● **Work required**:
Exactly as they appear below, repeat the lines from the one with "Rikt skuren fot, dekor" through the one with "随着去年海带播种时间提前,我". Drop every picture.

● **Material shown**:
►
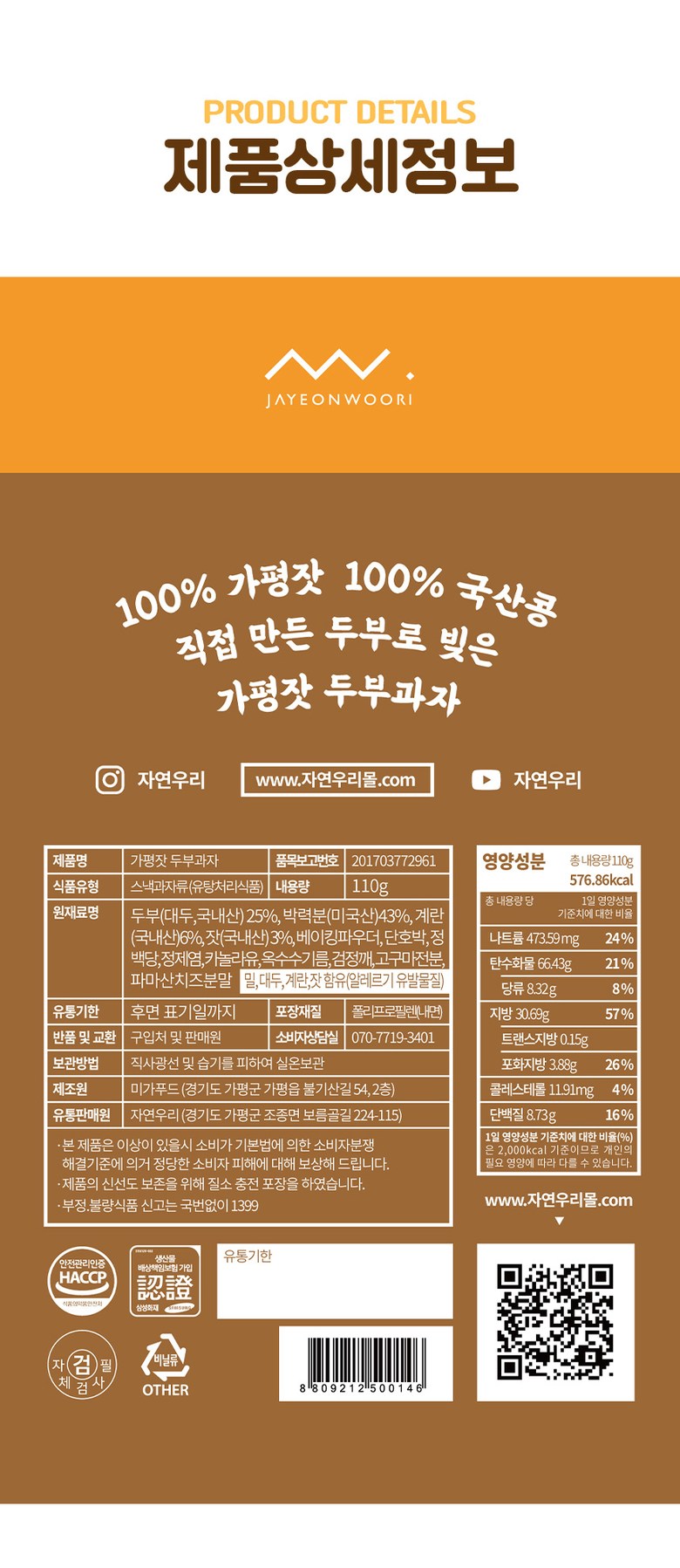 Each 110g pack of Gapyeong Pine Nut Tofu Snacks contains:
◄
►
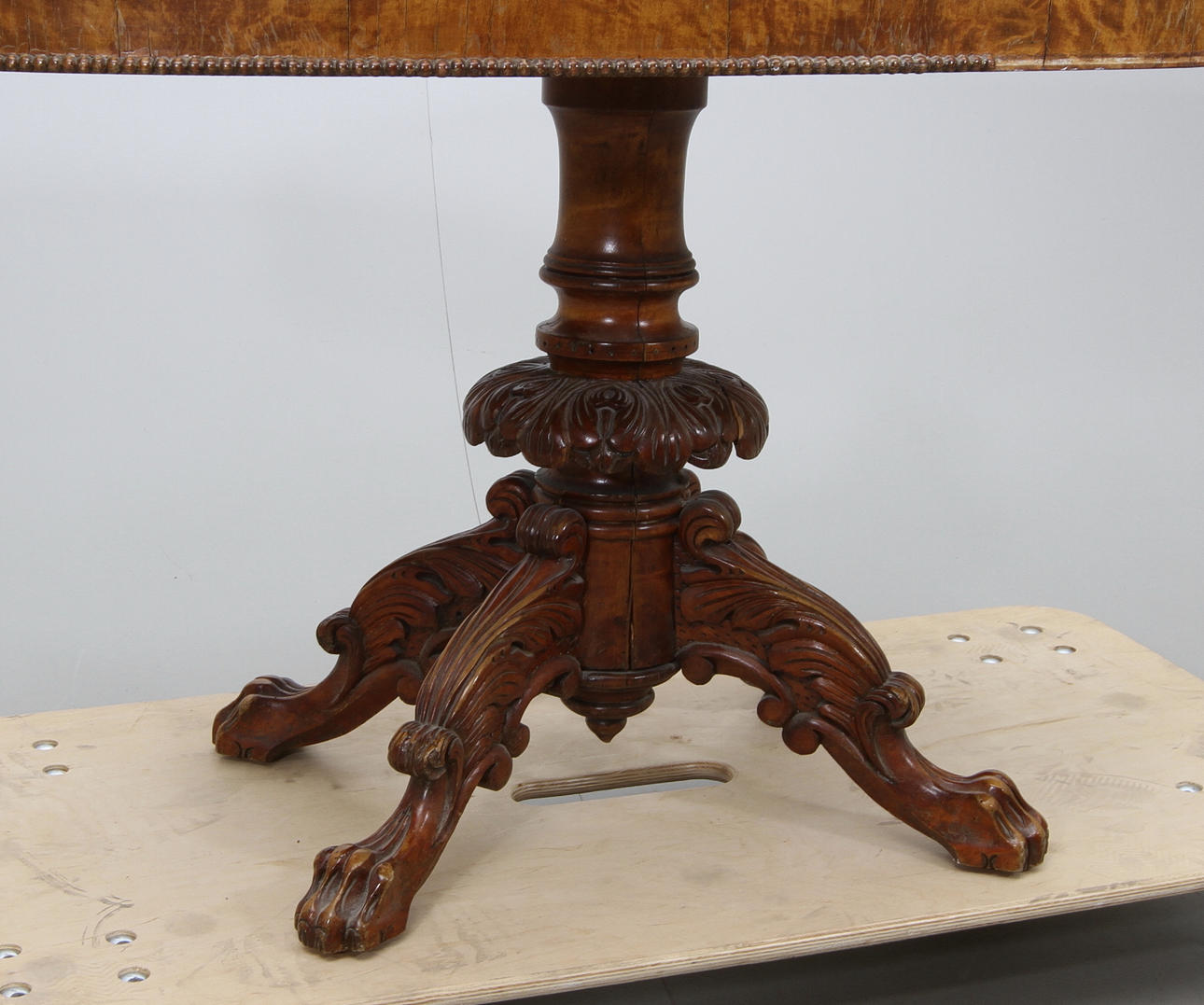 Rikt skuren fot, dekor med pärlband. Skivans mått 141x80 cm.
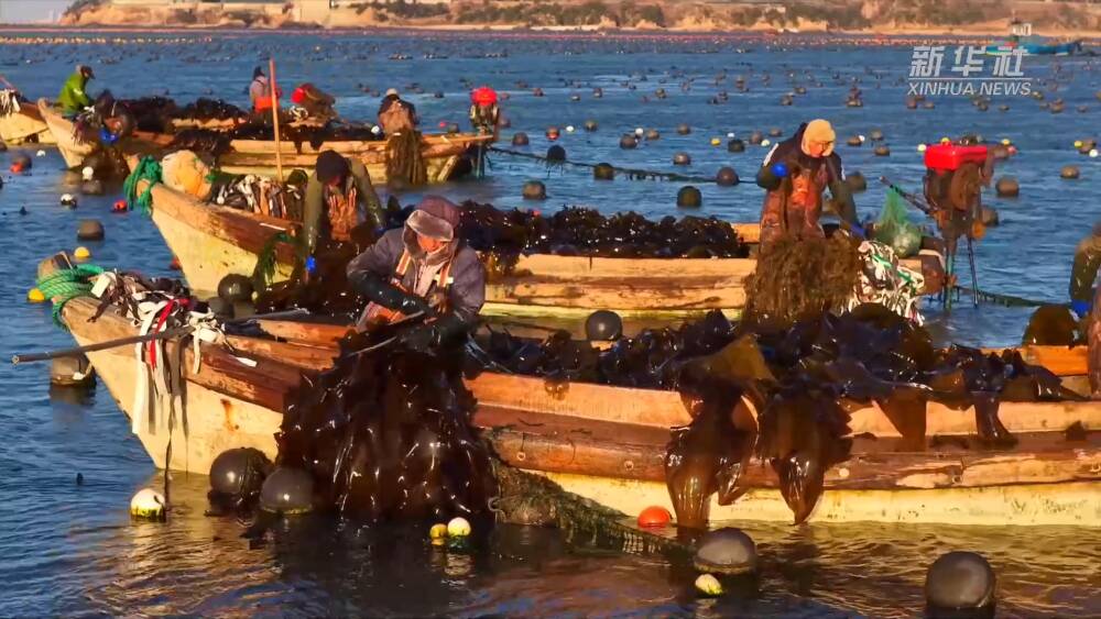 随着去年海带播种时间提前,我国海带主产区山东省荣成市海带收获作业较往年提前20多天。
◄
● **Answer for this exercise**:
 Rikt skuren fot, dekor med pärlband. Skivans mått 141x80 cm.
 随着去年海带播种时间提前,我国海带主产区山东省荣成市海带收获作业较往年提前20多天。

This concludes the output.